Veronica is anything but sentimental, but being with Logan made her understand certain things, like what it meant like to burn up inside. She still feels it when she thinks about him. Her heart tightens in her chest, and she wants to run--toward him at once and away at the same time. Sometimes at night she wraps her arms around her pillow and imagines that it's him. Muscle memory recalls his body, though the pillow is nothing like it. Her hands remember the density of his shoulders, the sinewy biceps of his arms. His arms around her, tight like forever.

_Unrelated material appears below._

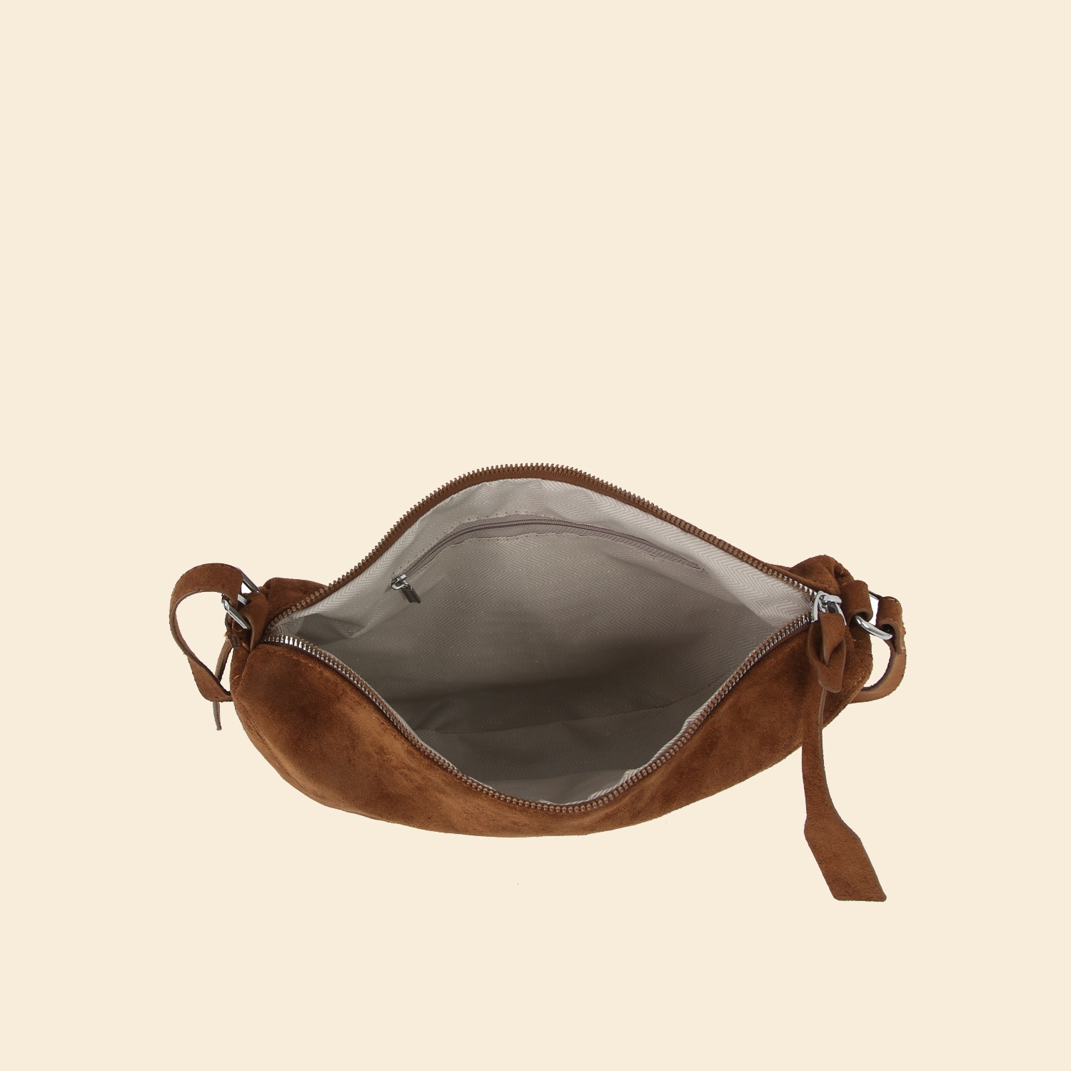 This shoulder bag is made with 100% Faux Suede.

Her relationship with Duncan was so high school. Puppy love, firsts, all the intensity of hand holding and googily eyes. Her relationship with Piz is very college. Uncomplicated, fun, more wry, more cynical, but not the be-all-end-all romanticism of sixteen. They can talk about movies and books, about new bands and foreign policy discourse the next. She can think about him without the rending of garments, without always wondering what was going to happen next. And then there was Logan. Always him.
She's had maybe eight hours of sleep over the last five days and she's starting to act crazed. She's forgetting things. She forgets words at the end of sentences and stares off into space, trying to recall the right adjective, noun. Even the sleeping pills aren't working. Sometimes, they just make her crazier. She draws her legs up to her chest, closes her eyes, and thinks about Piz's recent declaration of love. It slides by, like he's just told her about the weather. And of course, she thinks of Logan, about all the times he told her he loved her. How he burned with it. How his eyes shone and how she knew that meant forever. And Veronica thinks about how she never said it back, how the words seemed impossible then as they do now.
She drops her phone into a chair and falls into bed.
"I wuv you beary much," she says aloud, thinking about someone else who is not her boyfriend. Her head sinks into her pillow. She closes her eyes and all she sees is his face, and for once she lets her heart hurt. If she dreams, she wants to dream of starting over, but that doesn't happen. She doesn't sleep at all.